Die Warnung, die in einem von den Opfern, Akademikern und einigen der weltweit renommiertesten Überwachungsexperten unterzeichneten Brief an die Abgeordneten enthalten ist, folgte der Nachricht von letzter Woche, dass zwei Personen, die beschuldigt wurden, versucht zu haben, weithin anerkannte Beweise in Spyware-Fällen in Spanien zu diskreditieren, eingeladen worden waren, zu erscheinen vor dem Ausschuss, der den Missbrauch von Hacking-Software untersucht.

„Die Einladung an diese Personen würde das Ziel des Ausschusses, Tatsachen zu ermitteln und Rechenschaft abzulegen, behindern und die Opfer davon abhalten, in Zukunft vor dem Ausschuss auszusagen“, heißt es in dem Schreiben.

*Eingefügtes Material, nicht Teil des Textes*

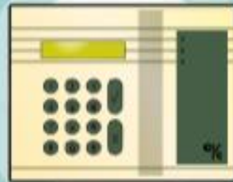
Contrôle par code

Es wurde von zwei Personen unterzeichnet, die zuvor mehrfach von Regierungen mit Pegasus angegriffen wurden: Carine Kanimba, die Tochter von Paul Rusesabagina, der in Ruanda im Gefängnis sitzt, und dem ungarischen Journalisten Szabolcs Panyi. Weitere Unterzeichner waren Access Now, die Electronic Frontier Foundation, Red en Defensa de los Derechos Digitales und die Human Rights Foundation.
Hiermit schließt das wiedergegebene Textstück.